Rockn - I believe our good friend HexStar had something to do with InvisionFr33 getting blocked.


----------



## motivated (Feb 8, 2004)

Punbb is exceptional, brilliant, amazing, and fantastic complete with a support forum of the same quality. You can also host it free (they have a free hosting site). You just sign up and create your forum. Although the hosting aint all that sharp.


----------



## Squashman (Apr 4, 2003)

Ikonboard use to have free hosted forums but the link to MyIkonboard seems to be dead on their website right now. Maybe it is just a glitch right now.


----------



## TheTosh (Nov 15, 2004)

Thanks for all the help sp far....I'll be checking the sites out properly soon.

Could someone answer the 'other' question?

Is there anyone who actually has a forum with any of the aforementioned sites that can let me see what its like?


----------



## tohm (Jul 15, 2005)

you could try using PhPBB and host it for free on http://tripod.lycos.co.uk but there are some installation steps.. read the README. and example: http://www.halomoddingsite.com/forum.php

if you want a website and a forum use e107, just like php nuke... but easier to install, smaller, better. http://e107.org


----------



## brendandonhu (Jul 8, 2002)

TheTosh: Just go to Google and enter the name of the forum you want to try. They all have demos.


----------



## AbvAvgUser (Oct 3, 2002)

Try out freebb.com or proboards.com


----------



## southernlady (May 6, 2004)

> invision free is a peice of crap though. And their staff is the worst.


No, Ezboard IS the worst!

The Great Ezboard Disaster of 2005



> Wow. All their boards wiped out as of two days ago? Ezboard says a hacker attack wiped out over 9,000 messageboards. Some boards still had data after the attack but as Ezboard rebooted their servers (whatever, I'm a technotard), it was lost, too.
> 
> Front entry pages have been restored to most boards now and names of forums appear with "225 posts" or "1,987 posts" or however many posts existed in the forums listed on that front page and when you enter the forums, if there were 17 pages of posts in that forum, all the pages are still listed but THERE ARE NO POSTS VISIBLE. It's all gone.
> 
> ...


And they are still having issues. Liz


----------



## namenotfound (Apr 30, 2005)

Clic!Dev is the *BEST* free forum hosting site.

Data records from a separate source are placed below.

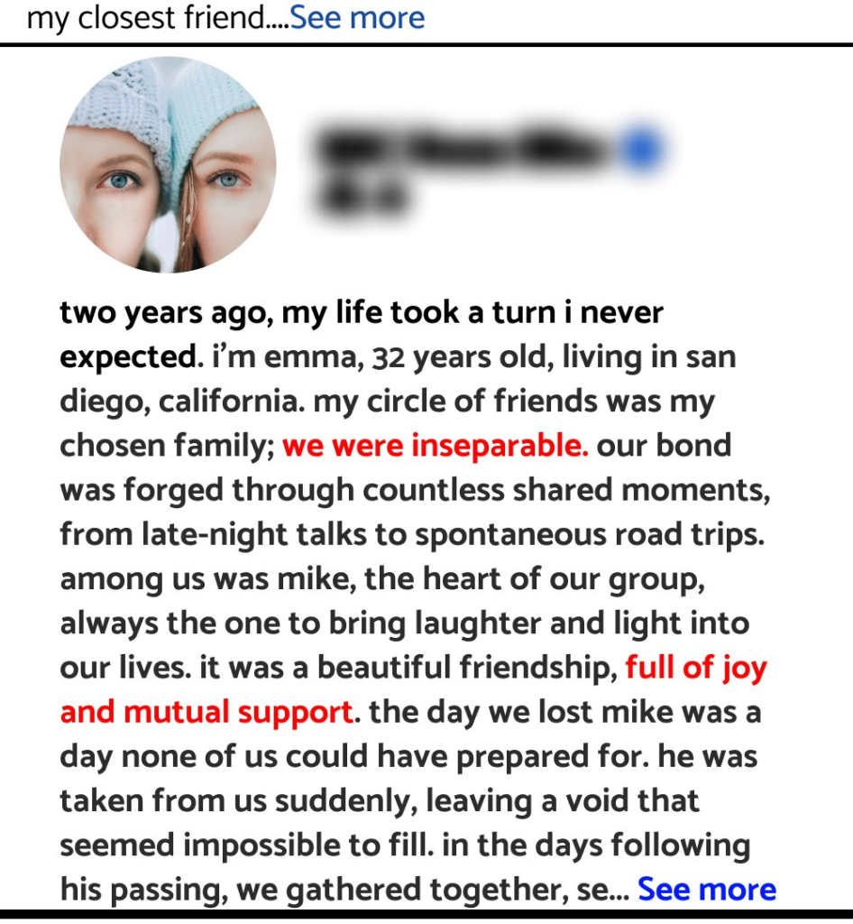 Two years ago, my life took a turn I never expected. I’m Emma, 32 years old, living in San Diego, California. My circle of friends was my chosen family; we were inseparable. Our bond was forged through countless shared moments, from late-night talks to spontaneous road trips. Among us was Mike, the heart of our group, always the one to bring laughter and light into our lives. It was a beautiful friendship, full of joy and mutual support.
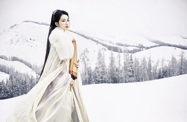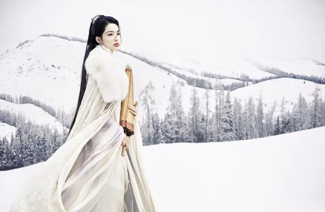 只是站在雪地里,就像从古风画上走下来的人,连眼神里都像有故事。
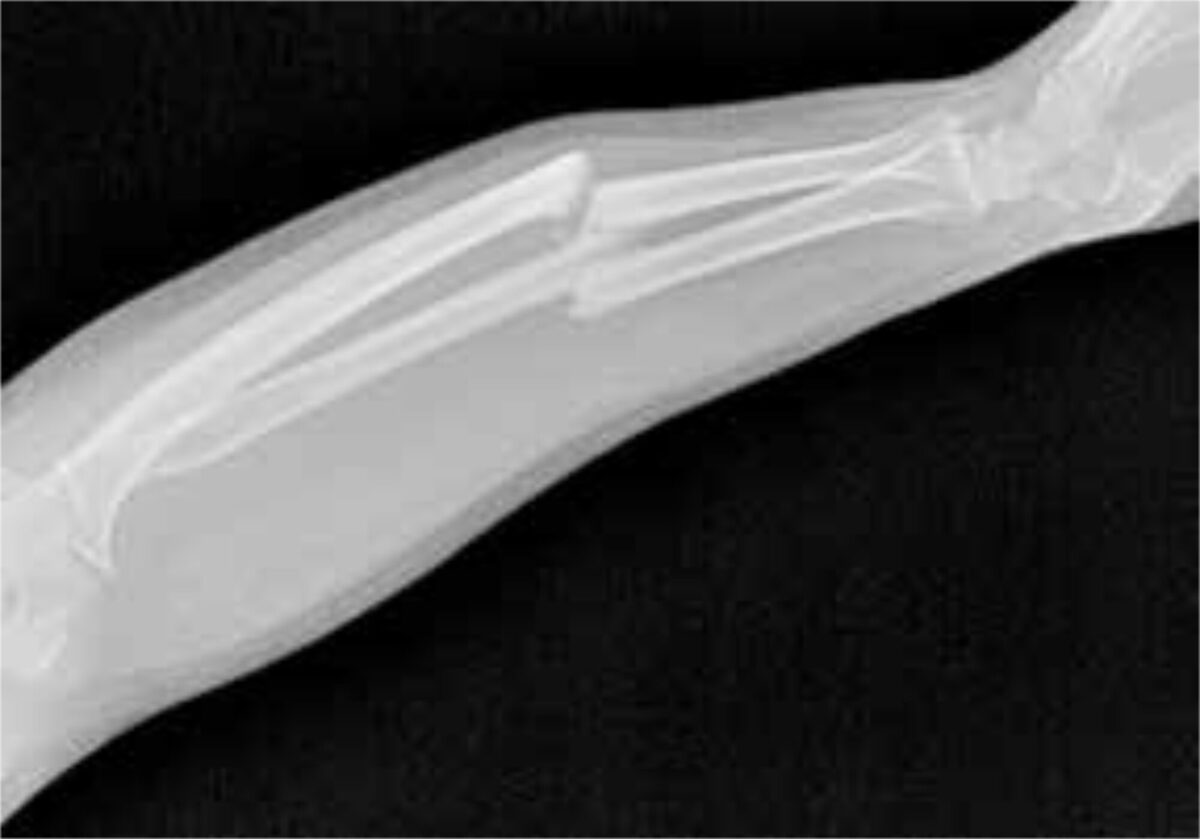 Nine weeks after surgery the POP was removed. Clinically the ulna was reunited, but the radius was not, probably due to misplacement and removal of the metal pin.

http://www.clicdev.com/ (main website)
http://www.clicdev.com/f/nnew_forum.php (make a new board)
http://forums.clicdev.com/ (support board)
http://hct.clicdev.com/ (another board) <~ to _see_ what it's like


----------



## TheTosh (Nov 15, 2004)

tohm said:


> if you want a website and a forum use e107, just like php nuke... but easier to install, smaller, better. http://e107.org


Im not exactly a great programmer by any means. Are you saying that e107 is better than phpBB then, it's just that it seems so much more complicated (even from the cluttered website homepage) that is making me afraid to use it...

Ideally a website and forum is what I'm looking to make, i could settle but it would give me more freedom to control what the page looked like etc. im guessin this in itself will cause greater complications for me.

I will have to look for webspace when using these programs first, wont i?


----------



## TheTosh (Nov 15, 2004)

namenotfound said:


> Clic!Dev is the *BEST* free forum hosting site.
> 
> http://www.clicdev.com/ (main website)
> http://www.clicdev.com/f/nnew_forum.php (make a new board)
> ...


Does anyone else agree? Its not that I don't want to....its just the advertising element of them. I mean the other sites look like they need no association although i would probably advertise them anyway.

The quote and previous offerings show you have very strong opinions and possibly a bad past with invisionfr33 and a good present with clicdev (or at least that they are an alternative gives them the upper hand).

It may seem pointless but i would find it helpful if some responders reaffirmed what others said...just to reiterate their point and give it more substance. At least if a few people made the same point it would have better grounding compared to anothers. Not that its a competition or anything...

Hmm...i'm rambling...sorry


----------



## pushcrew (Jul 31, 2005)

If you want you could make your own board, by getting hosting with mysql and phpbb, just a normal webhost like freewebs don't work, and yeah i think tripod works with it, haven't tried though.


----------



## TammyKat (Sep 3, 2005)

Well..I have a forum on the freebb.com site. But for some reason the main page is down right now. 

Every once in a while there is times you can't get into the forum. But for free I guess you have to expect some down time. SO far nothing serious has happened. You can't customize the style though...you would have to choose from whats there.


----------



## MattHazinski (Sep 3, 2005)

AbvAvgUser said:


> Try out freebb.com or proboards.com


Yes, proboards works great, but if you get paid webhosting with cPanel and Fantastico, you can install one with a few clicks.


----------